Fully SIMD vectorised RICH photon reconstruction
Builds on LHCb!933 (merged) and Lbcom!190 (merged)
Firstly I have, as in Lbcom, retired the runtime CPU capabilities detection and dispatching code. Instead I simply rely on the build platform settings to determine the SIMD level. This is necessary to allow the use of SIMD (Vc
) types more generally, rather than in very localised places.
Second, I have added new development algorithms to start fully vectorising the RICH reconstruction. So far these are
-
A pixel algorithm that takes the scalar information and summarises it into SIMD TES data objects. Longer term this algorithm might well be retired itself, as once everything is based on SIMD types the first step making the scalar versions can be removed. For the moment though its useful to have both scalar and SIMD versions.
-
An (almost) fully SIMD vectorised (using
Vc
andGenVector
types) quartic photon reconstruction algorithm is provided. -
An (almost) fully SIMD vectorised version of the photon pixel probability (the next in line after the quartic algorithm).

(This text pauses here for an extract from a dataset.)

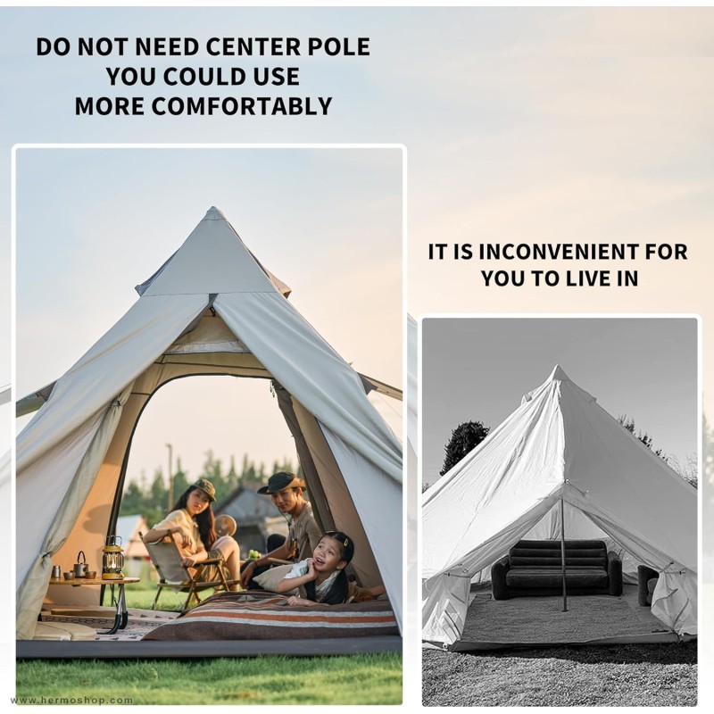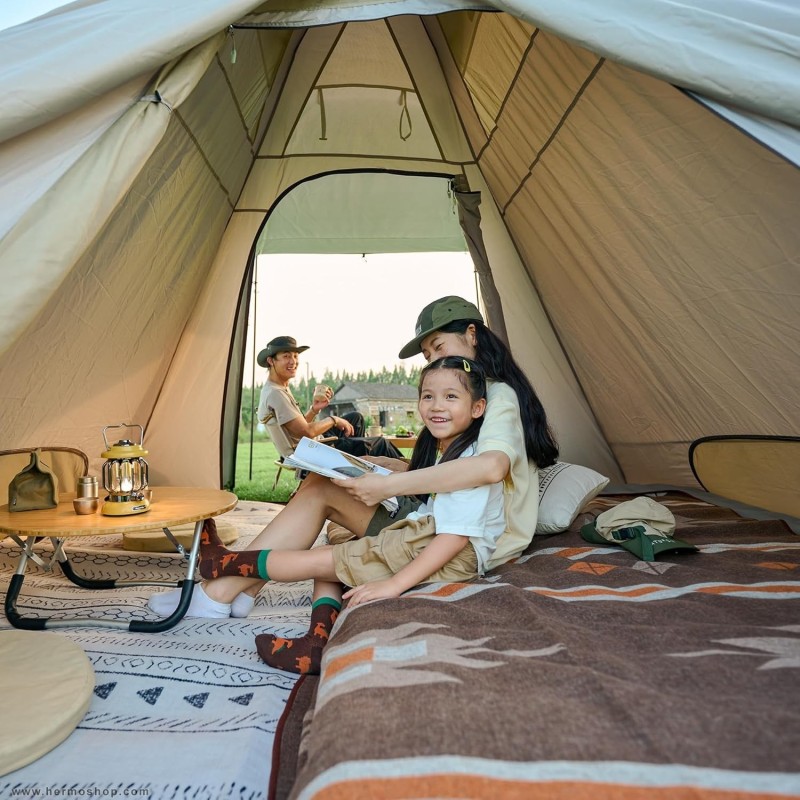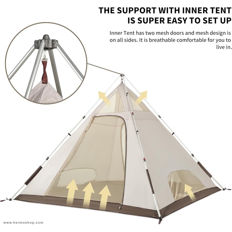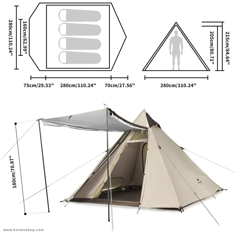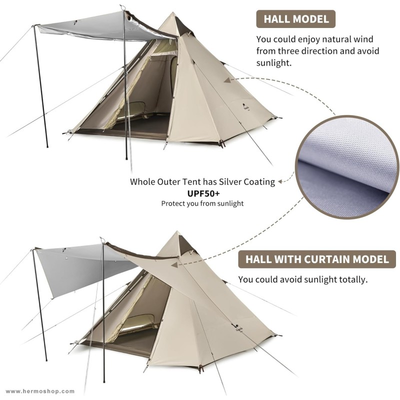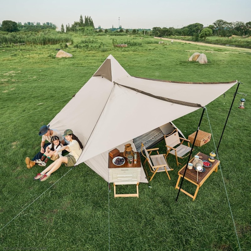 این چادر با ساختار هرمی چهاروجهی و بدنه مقاوم ساخته شده که پایداری استثنایی در برابر بادهای شدید ارائه میدهد. پارچه بیرونی با روکش نقرهای، انعکاس نور خورشید و مقاومت در برابر UV را تضمین میکند.

I say almost in 2. and 3. as there are a few places where I have had to resort back to scalar loops over the SIMD types to perform some calculations, where I have yet to see any obvious way to do it fully vectorised. Generally this happens for instance when I have to follow a pointer to say a mirror segment, for each 'scalar' photon.
The results so far are looking quite good. For an SSE4.2 build (the default) I get
RichPhotonRecoLong | 27.060 | 27.468 | 0.311 218.9 25.96 | 1000 | 27.469 |
RichPredPixelSignalLong | 2.750 | 2.686 | 0.036 20.0 2.38 | 1000 | 2.687 |
RichSIMDPhotonRecoLong | 14.220 | 14.168 | 0.194 110.1 12.99 | 1000 | 14.169 |
RichSIMDPredPixelSignalLong | 1.690 | 1.621 | 0.027 11.9 1.41 | 1000 | 1.622 |
where the first two are the scalar versions and the last two the SIMD (SSE4.2).
If I instead build my stack allowing AVX2+FMA
I get
RichPhotonRecoLong | 23.100 | 22.873 | 0.263 184.1 21.60 | 1000 | 22.874 |
RichPredPixelSignalLong | 2.310 | 2.301 | 0.032 15.6 2.03 | 1000 | 2.302 |
RichSIMDPhotonRecoLong | 8.160 | 8.508 | 0.140 63.5 7.60 | 1000 | 8.508 |
RichSIMDPredPixelSignalLong | 1.370 | 1.473 | 0.027 10.6 1.22 | 1000 | 1.474 |
So the factor 2 increase in the SIMD vector size (4 to 8 floats) is seen. Its not quite perfect, but I have ideas as to why this is... ( Note the scalar version for AVX2+FMA is already faster, as it is able to gain from the FMA part...).